What Is Addiction?
Addiction is a chronic, relapsing brain disease defined by a physical and psychological dependence on drugs, alcohol, or a behavior. Addicted people will often pursue their toxic habits despite putting themselves or others in harm’s way.
An addiction heavily impacts the way a person thinks, feels, and acts. Many individuals with addiction disorders are aware they have a problem but have difficulty stopping on their own.
While it can be tempting to try a drug or addictive activity for the first time, it’s all too easy for things to go south — especially in the case of drug and alcohol abuse. People develop tolerances when they repeatedly abuse substances over time. That means larger amounts of drugs or alcohol are required to achieve the desired effects, escalating the nature of the addiction.
Prolonged substance abuse can result in a dangerous cycle of addiction: one where people need to continue using drugs or alcohol in order to avoid the uncomfortable symptoms of withdrawal. By the time people realize they have a problem drugs or alcohol may have already seized control, causing users to prioritize substance abuse over everything else that was once important in their lives.

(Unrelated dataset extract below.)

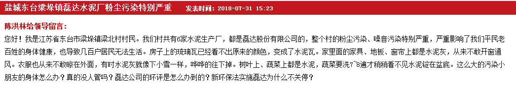 留言稱,村內(nèi)共有6家水泥生產(chǎn)廠,都是磊達股份有限公司的,整個村的粉塵污染、噪音污染特別嚴(yán)重,嚴(yán)重影響了平民老百姓的身體健康,也導(dǎo)致幾百戶居民無法生活。

No one ever plans to become addicted. There are countless reasons why someone would try a substance or behavior. Some are driven by curiosity and peer pressure, while others are looking for a way to relieve stress. Children who grow up in environments where drugs and alcohol are present have a greater risk of developing a Substance Use Disorder (SUD) down the road. Other factors that might steer a person toward harmful substance use behavior include:
Research estimates that genetics account for 40 to 60% of a person’s likelihood of developing an SUD.
Mental Health Disorders
People with mental health disorders are more likely to develop substance abuse patterns than the general population.
Addiction And The Brain
Excessive substance abuse affects many parts of the body, but the organ most impacted is the brain. When a person consumes a substance such as drugs or alcohol, the brain produces large amounts of dopamine; this triggers the brain’s reward system. After repeated drug use, the brain is unable to produce normal amounts of dopamine on its own. This means addicted people may struggle to find enjoyment in pleasurable activities, like spending time with friends or family, when they are not under the influence of drugs or alcohol.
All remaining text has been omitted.